= Remedial action =

A remedial action is a change made to a nonconforming product or service to address the deficiency. This also can refer to restoration of a landscape from industrial activity

Rework and repair are generally the remedial actions taken on products, while services usually require additional services to be performed to ensure satisfaction.

In some settings, corrective action is used as an encompassing term that includes remedial actions, corrective actions and preventive actions.

‘Remedial Action’ is a term referring to actions taken by businesses to counteract deficiencies or undesirable characteristics in their products. In this way it is distinct from ‘Corrective Action’, which aims to change the processes that led to these deficiencies, and ‘Preventive Action’, which aims to strengthen weak management systems not yet responsible for any deficiency

Remedial Action is often enacted through ‘Remedial Action Plans’ (RAPs) of three or more stages. For example, one North American river protection scheme drew up a plan that identified environmental problems and sources of pollution, evaluated and carried out actions to restore the area, and confirmed that these actions had been effective

These actions normally have negative effects on a company’s image and profits. A fine balance is often struck between denying the existence of problems or wrongdoing and choosing to publicise this existence before being exposed removes the company’s ability to control the way any scandal is seen.

==Varieties==
Environmental - If the environment a business works in becomes polluted as the result of the activities of that business, or sometimes other events, this pollution must be cleaned for reasons of safety and welfare. This will normally involve the business either financing the remedial action or applying for the finances to do so. If the business is not at fault, the government may finance the remediation.
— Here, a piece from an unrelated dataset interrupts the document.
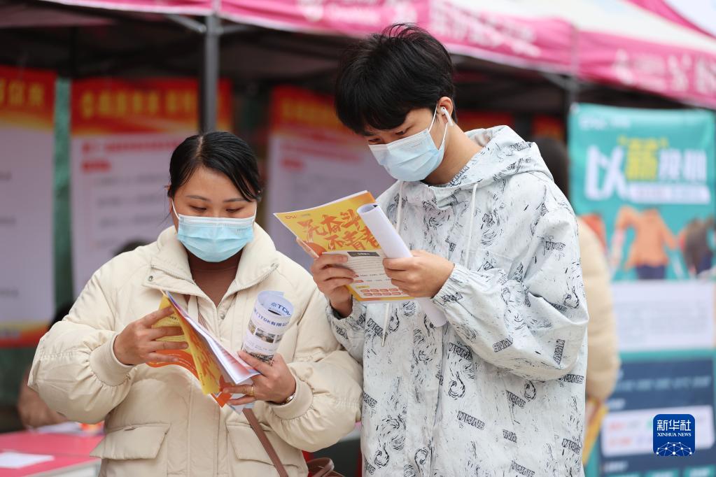 2月11日,求職者在廈門市集美區春風行動暨就業援助月招聘會上了解就業信息。

Repair/Replacement - When a product is deemed ineffective, either by the company or by public exposure, a recall plan can be put into action, sometimes also involving compensation for consumers.

Policy - When company policy is considered to be in violation of the law, such as keeping inaccurate financial records, remedial action can be taken to change those policies. (HR.BLR.com, 2012). When done after an internal investigation, this can avoid repercussions such as negative publicity or even fines, and the UK Serious Fraud Office states that if a company self-reports corruption it will impact on whether or not prosecution occurs.

==Examples==
Brodex Water - Environmental remedial action is often undertaken by water specialists in the case of infected supply. Some, such as UK Company Brodex Water Treatment Specialists, advertise what services the company provides in the event of Legionella disease being discovered in a local supply, such as tank chlorination and equipment replacement. This proactive strategy improves the company’s public image.
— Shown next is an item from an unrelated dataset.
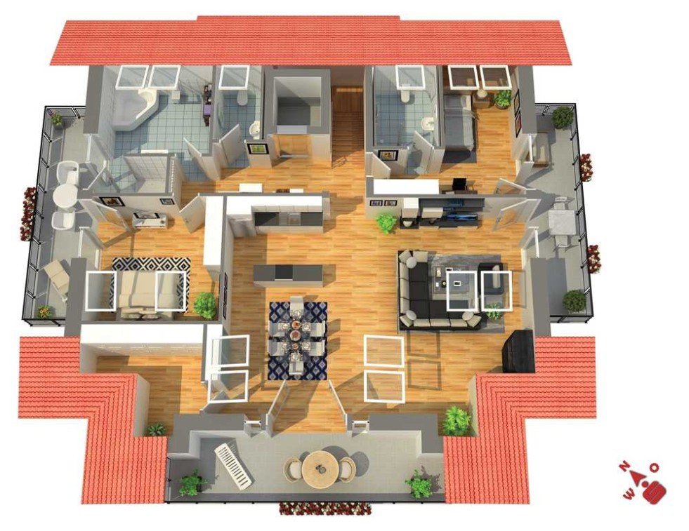 Neben einem Gäste-WC verfügt die Wohnung über ein Bad mit Dusche und WC, sowie ein großes Bad mit Dusche, Badewanne und WC.

The Great Lakes - Since the mid-1980s, several ‘Remediative Action Plans’ have been drawn up to manage the impact of various stakeholders, including local businesses, on the environmental health of the American-Canadian Great Lakes region.

Volkswagen - The most recent example, VW has recently been forced to recall millions of cars to adjust deficiencies in their pollution controls, after a company policy of only activating them during emissions tests was exposed.